= About this task =
A faithful copy of all the data is the goal; omit the pictures.

Stored data: Begin

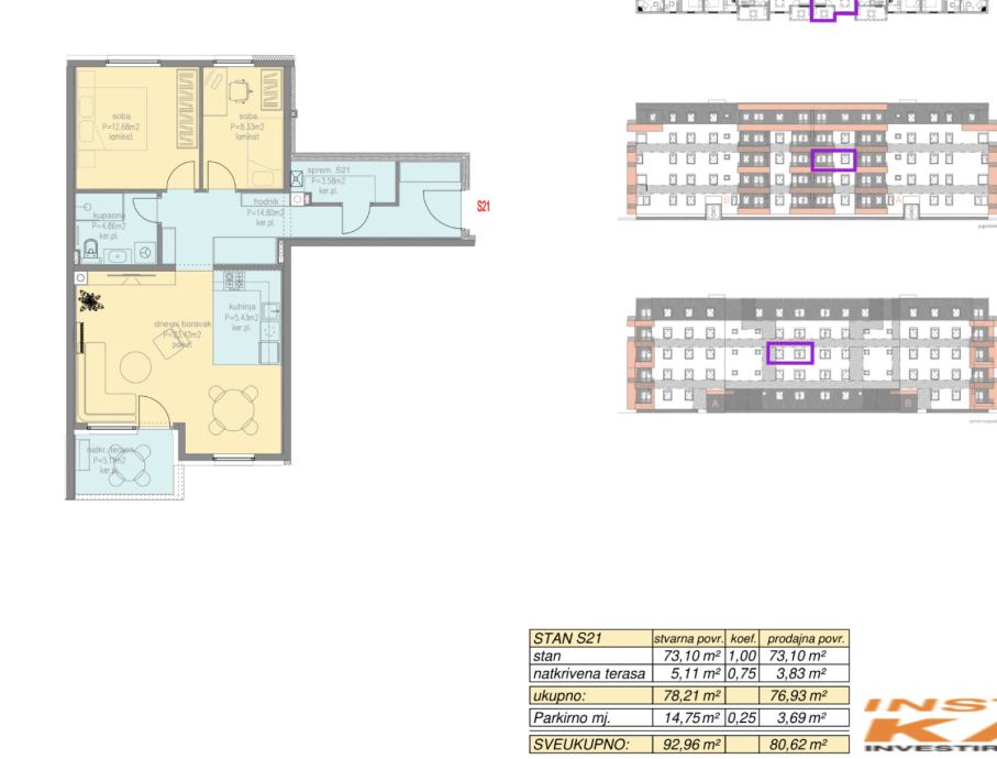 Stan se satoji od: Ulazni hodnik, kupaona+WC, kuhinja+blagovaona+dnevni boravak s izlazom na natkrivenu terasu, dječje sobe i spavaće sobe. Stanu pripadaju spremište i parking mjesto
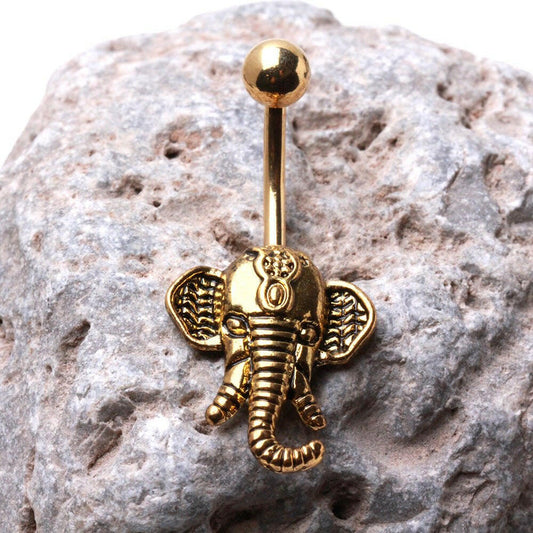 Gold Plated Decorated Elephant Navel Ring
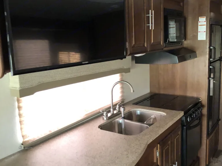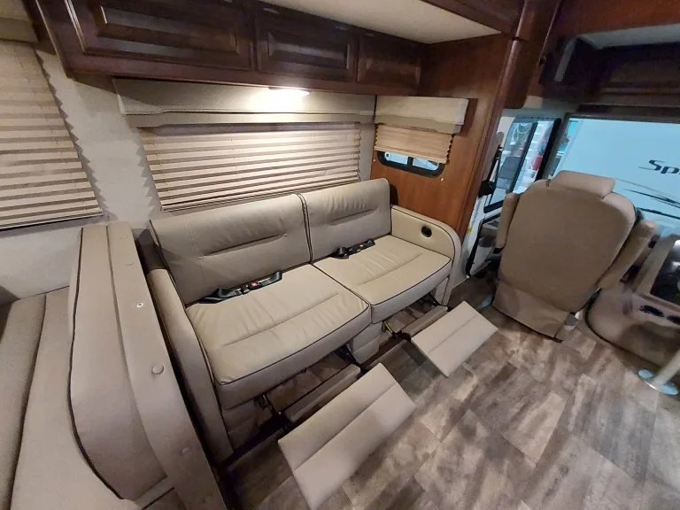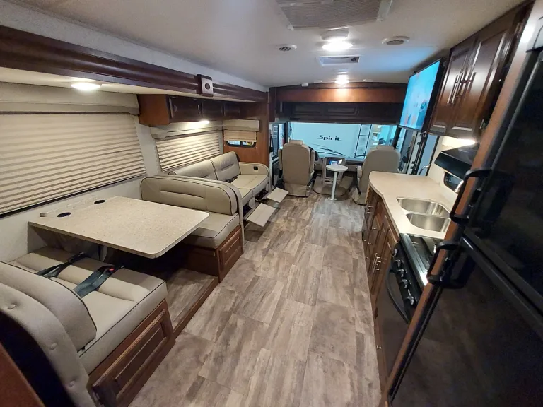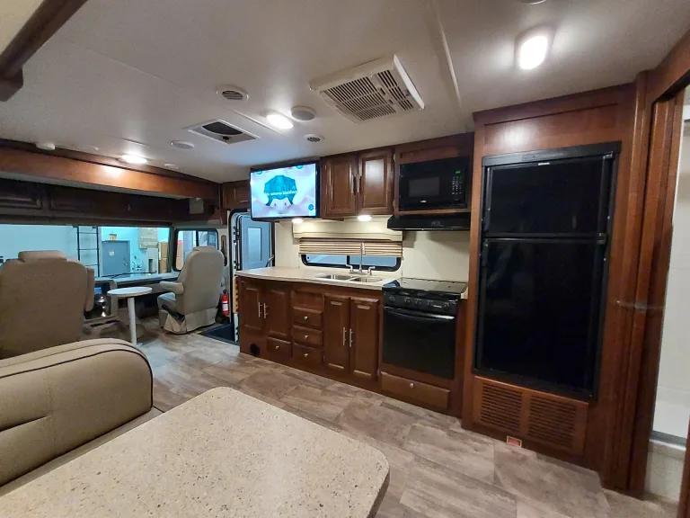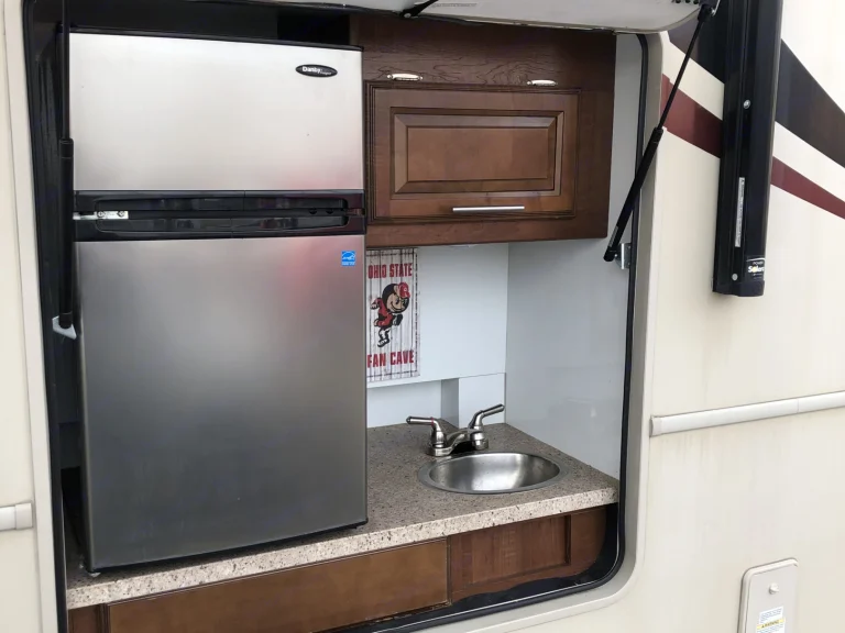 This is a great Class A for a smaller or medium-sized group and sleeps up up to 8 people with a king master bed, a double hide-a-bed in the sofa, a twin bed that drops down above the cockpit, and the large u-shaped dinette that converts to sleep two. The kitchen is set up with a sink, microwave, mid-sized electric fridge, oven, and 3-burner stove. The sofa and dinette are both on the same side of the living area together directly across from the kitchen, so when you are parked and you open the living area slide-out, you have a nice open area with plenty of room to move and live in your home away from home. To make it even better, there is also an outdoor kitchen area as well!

Stored data: End

= Answer section =
 Stan se satoji od: Ulazni hodnik, kupaona+WC, kuhinja+blagovaona+dnevni boravak s izlazom na natkrivenu terasu, dječje sobe i spavaće sobe. Stanu pripadaju spremište i parking mjesto
 Gold Plated Decorated Elephant Navel Ring
 This is a great Class A for a smaller or medium-sized group and sleeps up up to 8 people with a king master bed, a double hide-a-bed in the sofa, a twin bed that drops down above the cockpit, and the large u-shaped dinette that converts to sleep two. The kitchen is set up with a sink, microwave, mid-sized electric fridge, oven, and 3-burner stove. The sofa and dinette are both on the same side of the living area together directly across from the kitchen, so when you are parked and you open the living area slide-out, you have a nice open area with plenty of room to move and live in your home away from home. To make it even better, there is also an outdoor kitchen area as well!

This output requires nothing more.